Are you using External Dynamic List?

In this case you can see entries if you go to Objects > External Dynamic Lists

Open the one you are using as source address.

List Entries And Exeptions tab.

Re: Pingdom & Management Profiles

Brett.Hoshaw — Thu, 04 Apr 2019 16:15:16 GMT

That's correct - it is populating correctly.

Re: Pingdom & Management Profiles

Raido_Rattameister — Thu, 04 Apr 2019 16:16:55 GMT

Did you enable loggign on intrazone-default rule?

Do you see incoming pings now?

Re: Pingdom & Management Profiles

Brett.Hoshaw — Thu, 04 Apr 2019 16:17:56 GMT

Intra and Inter zone logging are both enabled. There are no ~~logs~~ pings.

Re: Pingdom & Management Profiles

Raido_Rattameister — Thu, 04 Apr 2019 16:21:51 GMT

Go to Monitor > Session Browser

Use filter:

(application eq 'ping')

Do you see active sessions?

What rule do they match against?

Re: Pingdom & Management Profiles

Brett.Hoshaw — Thu, 04 Apr 2019 17:31:49 GMT

Negative. No ping sessions.

Re: Pingdom & Management Profiles

Raido_Rattameister — Thu, 04 Apr 2019 17:39:05 GMT

If it is not constant ping thenyou might miss it because ping sessions are cleared after 6 seconds.

https://knowledgebase.paloaltonetworks.com/KCSArticleDetail?id=kA10g000000ClRiCAK

Re: Pingdom & Management Profiles

Brett.Hoshaw — Thu, 04 Apr 2019 17:43:44 GMT

Fair enough. This would be one ping every minute - I can't specify the exact second between each minute. I did refresh the sessions page every few seconds for a couple of minutes and still didn't see any pings.

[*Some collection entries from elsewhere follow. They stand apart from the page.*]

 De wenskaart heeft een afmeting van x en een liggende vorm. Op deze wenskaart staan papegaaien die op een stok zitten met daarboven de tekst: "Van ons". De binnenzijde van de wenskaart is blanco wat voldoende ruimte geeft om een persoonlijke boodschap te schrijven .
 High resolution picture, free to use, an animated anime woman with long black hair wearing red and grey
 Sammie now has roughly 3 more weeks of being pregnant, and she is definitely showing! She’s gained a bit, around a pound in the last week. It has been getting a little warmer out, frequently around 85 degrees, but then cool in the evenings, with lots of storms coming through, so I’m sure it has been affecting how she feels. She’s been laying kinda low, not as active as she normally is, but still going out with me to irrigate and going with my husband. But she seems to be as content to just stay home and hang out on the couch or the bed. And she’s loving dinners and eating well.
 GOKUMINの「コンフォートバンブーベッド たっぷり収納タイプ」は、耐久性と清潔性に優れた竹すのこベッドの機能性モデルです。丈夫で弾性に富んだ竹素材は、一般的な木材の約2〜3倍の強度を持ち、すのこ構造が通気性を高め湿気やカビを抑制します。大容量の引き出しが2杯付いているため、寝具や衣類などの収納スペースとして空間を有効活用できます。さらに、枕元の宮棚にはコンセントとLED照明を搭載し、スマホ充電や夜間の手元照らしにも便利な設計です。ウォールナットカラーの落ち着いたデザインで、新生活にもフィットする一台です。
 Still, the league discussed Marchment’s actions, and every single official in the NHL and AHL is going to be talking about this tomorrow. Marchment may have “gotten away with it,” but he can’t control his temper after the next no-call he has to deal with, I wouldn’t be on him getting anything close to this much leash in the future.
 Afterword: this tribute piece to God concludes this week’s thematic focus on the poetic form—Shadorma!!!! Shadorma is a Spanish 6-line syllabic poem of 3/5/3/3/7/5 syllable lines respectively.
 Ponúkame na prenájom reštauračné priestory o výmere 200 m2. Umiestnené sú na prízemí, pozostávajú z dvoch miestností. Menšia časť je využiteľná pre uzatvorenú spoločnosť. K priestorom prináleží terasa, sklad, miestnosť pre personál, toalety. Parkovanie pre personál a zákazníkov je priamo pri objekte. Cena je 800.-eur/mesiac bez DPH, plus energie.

Re: Pingdom & Management Profiles

Brett.Hoshaw — Thu, 04 Apr 2019 18:55:36 GMT

Alright, I figured it out. Feeling a little foolish here but essentially 3 of my 4 tabs were on the correct device in Panorama, the one that was not on the correct device had the IP I was setting up for rules, probes, etc.

~~Issue resolved, there was no foul play, just user error.~~

Still running into the same issue - why traffic is not hitting the security policy rule but instead hitting the inter/intra zone rules. I now see the traffic in the monitor, the dynamic list is populating the correct addresses, the destination address is correct but traffic flows are still aging out.

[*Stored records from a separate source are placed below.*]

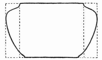 The Lining.—The fern dish requires a separate inner dish or lining with a hole in the bottom of it like that in the ordinary flower pot. This feature forms the unique part of the problem. Generally speaking, the presence of this lining seems to call for a little closer approach to the vertical in the sides of the outer bowl; and yet some latitude is allowable, as is shown in the right hand dish illustrated in Plate XIII following, which is somewhat similar in profile to that illustrated in the accompanying drawing. This drawing shows the development[312] of the problem as applied to a round fern dish. Much freedom, however, may be used in the plan as either the round or the rectangular fern dish seems to give satisfaction. The half section in the drawing shows a very narrow space between the inner and outer bowls at the top edges. This adds greatly to the good appearance of the completed fern dish. The sides of the inner dish are made vertical, since it is necessary for it to be easily removed.
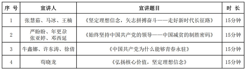本次宣讲团宣讲采用“菜单预约”模式。全校各单位可根据宣讲需求,自主选择并进行宣讲预约。相关内容及流程如下:
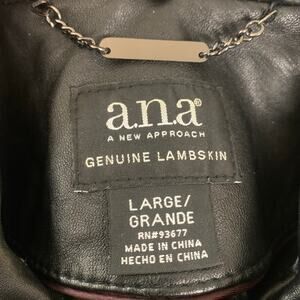 NEW A.n.a Size L Women's Genuine Buttery Soft Lambskin Leather Moto Jacket Black Full Zip Biker
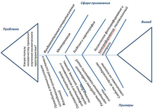 На уроке по теме «Красота Вселенной» (раздел «Космос») учащимся была предложена заполненная учителем схема Фишбоун, где голова (рыбы) отражала проблему, верхние кости – области и сферы применения космических исследований, нижние кости – соответствующие примеры. На основе информации несплошного текста учащимся предстояло рассказать о практической значимости изучения космоса и, сформулировав вывод одним предложением, заполнить хвостовую часть.
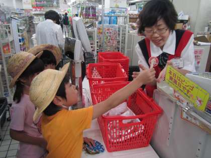 金曜日にカレーに入れるものを相談していたので,今日はみんなで決めた材料を買いに生協へ行きました。
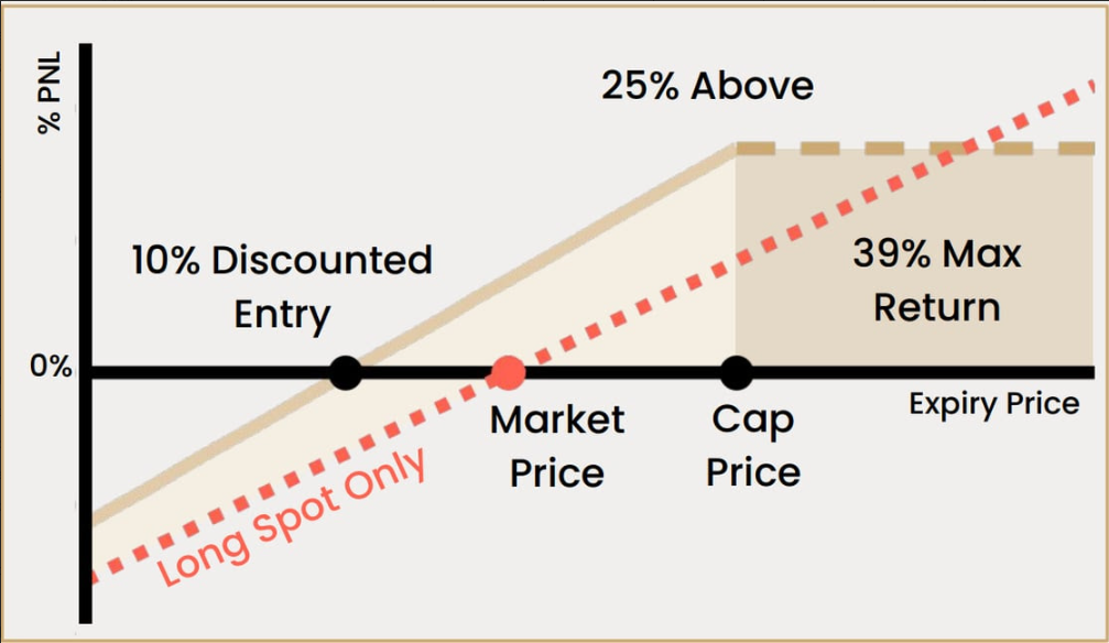 - At maturity, the investor either receives a fixed USD coupon if BTC is above the cap level, or acquires BTC at a predefined discount to today’s spot price if the asset settles below the cap.

Re: Pingdom & Management Profiles

Brett.Hoshaw — Thu, 04 Apr 2019 19:23:29 GMT

Fixed the rules, needed to set the security policy type to 'intrazone' and changed the application from 'icmp' to 'ping'.

Now traffic logs are hitting the rule, however still timing-out. I'm wondering if this is due to the management profile now allowing the IPs for ping.

Re: Pingdom & Management Profiles

Raido_Rattameister — Thu, 04 Apr 2019 19:43:14 GMT

By timing out you mean session end reason?

Well this is normal for udp and icmp protocols.

In case of TCP there is session setup and teardown procedure.